A recent decision by a federal district court in Washington D.C. serves as a warning to executives of healthcare-related corporations to be vigilant against healthcare fraud within their own businesses, or face personal consequences. In 2007, the federal government brought a criminal case against the drug maker Purdue Pharma and three of its senior executives. The government charged Purdue with felony misbranding of a drug with the intent to defraud or mislead. The complaint alleged that the drug maker marketed Oxycontin as less addictive, less subject to abuse, and less likely to cause dependency than other painkillers. But in reality, long-term use of Oxycontin may cause patients to develop severe psychological and physical dependence.
The government charged the three executives - the chief executive officer, the executive vice president, and the chief legal officer - with misdemeanor drug misbranding under the "responsible corporate officer" doctrine. Under this doctrine, which was established by a line of cases from the U.S. Supreme Court, the government does not have to show that the executive participated in the wrongdoing or even knew about it. Rather, the government can obtain a conviction if the executive was in a position of power to prevent or end the wrongdoing, but failed to do so. The executives accepted an agreement to plead guilty to the charges and avoid jail time. The statement signed by the executives as part of the settlement stipulated that none of the executives had personal knowledge of the misbranding, but that they each had the responsibility and authority to either prevent or quickly correct the wrongdoing.
After the criminal case concluded, the Office of the Inspector General (OIG) of the Department of Health and Human Services (HHS) sought to exclude the executives from participation in Medicare and Medicaid pursuant to its authority under 42 U.S.C. § 1320a-7(b). HHS ultimately imposed a twelve-year exclusion from Medicare and Medicaid, much longer than the typical exclusion of three years. The executives appealed their exclusions to federal district court, arguing that the exclusions were improper under the statute because their convictions were not based on any personal wrongdoing or actual knowledge of wrongdoing. The court disagreed and affirmed the exclusions.
An exclusion from the Medicare and Medicaid programs, especially a twelve-year exclusion, usually ends the career of a healthcare executive. These three executives will be barred from almost any employment in the healthcare industry. They cannot work for any company, nonprofit entity, or institution that receives any money from or does business with Medicare or Medicaid.
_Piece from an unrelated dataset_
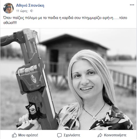 Λίγο μετά την ανάρτηση αυτή, η κ. Σπανάκη ανέβασε και μια φωτογραφία στην οποία εμφανίζεται η ίδια με… όπλο- παιγνίδι, δηλώνοντας ότι όταν παίζεις πόλεμο με τα παιδιά, η καρδιά σου πλημμυρίζει ειρήνη!
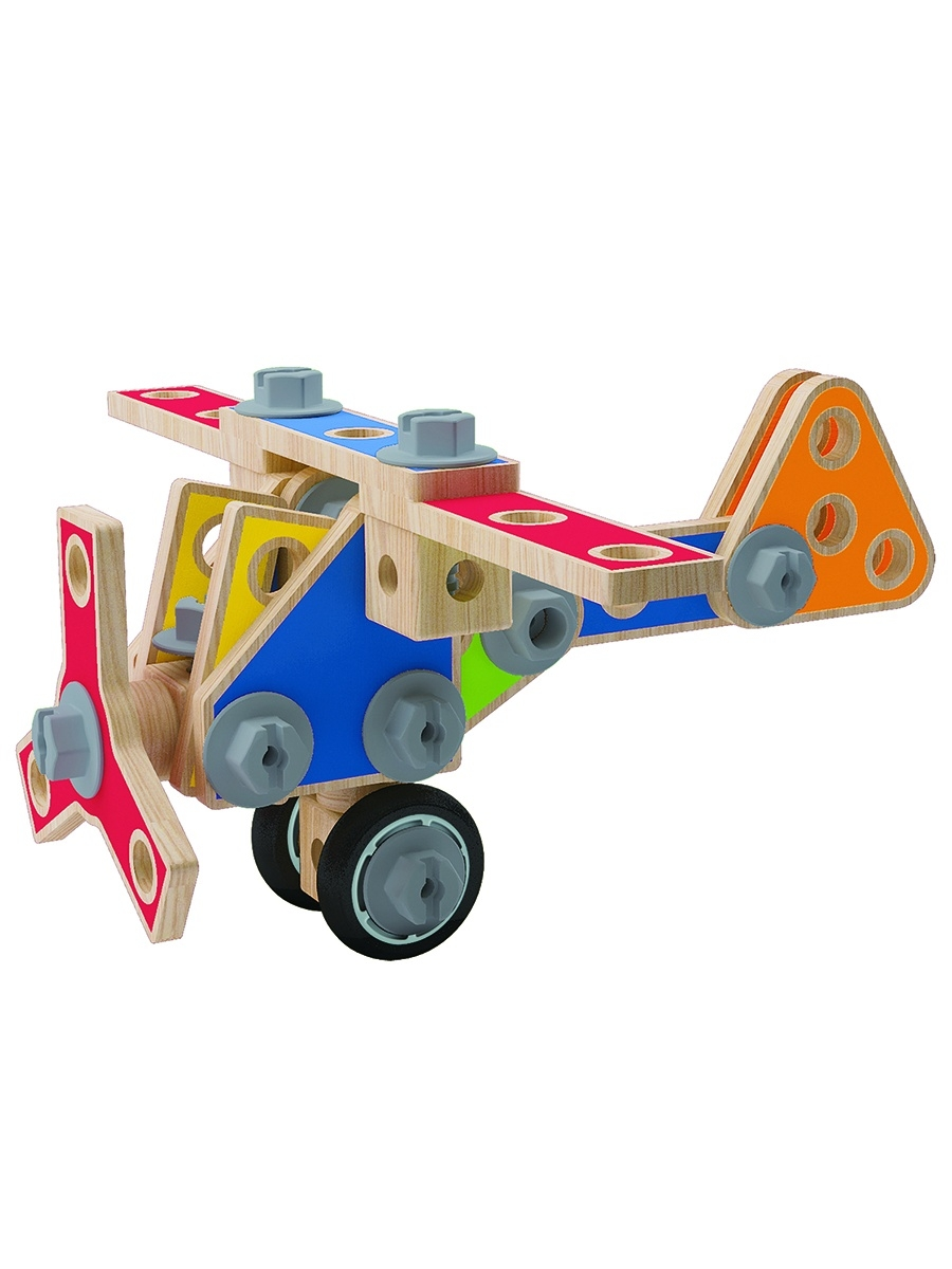 Конструктор научит малыша пользоваться винтиками, отверткой гаечным ключом и гайками, поспособствует тем самым развитию мелкой моторики.Пошаговая инструкция содержит большое количество разнообразных моделей сборки. Когда малыш научится собирать все модели из инструкции, он сможет попробовать придумать новую модель самостоятельно.62 детали в наборе.

Furthermore, even after the twelve-year exclusion ends, the executives must apply to be reinstated, which is far from automatic.
This case shows that the government will aggressively prosecute fraud perpetrated by corporations in the healthcare industry, and may hold executives personally responsible for the wrongdoings of their businesses. Lack of participation or knowledge by a healthcare executive will not be a defense. The only defense in these situations is a showing by the executive that he or she was powerless to prevent the wrongdoing. Healthcare executives who are not aggressively vigilant against wrongdoing within their companies may find themselves personally paying the consequences of such wrongdoing, and their careers in the healthcare industry at an end.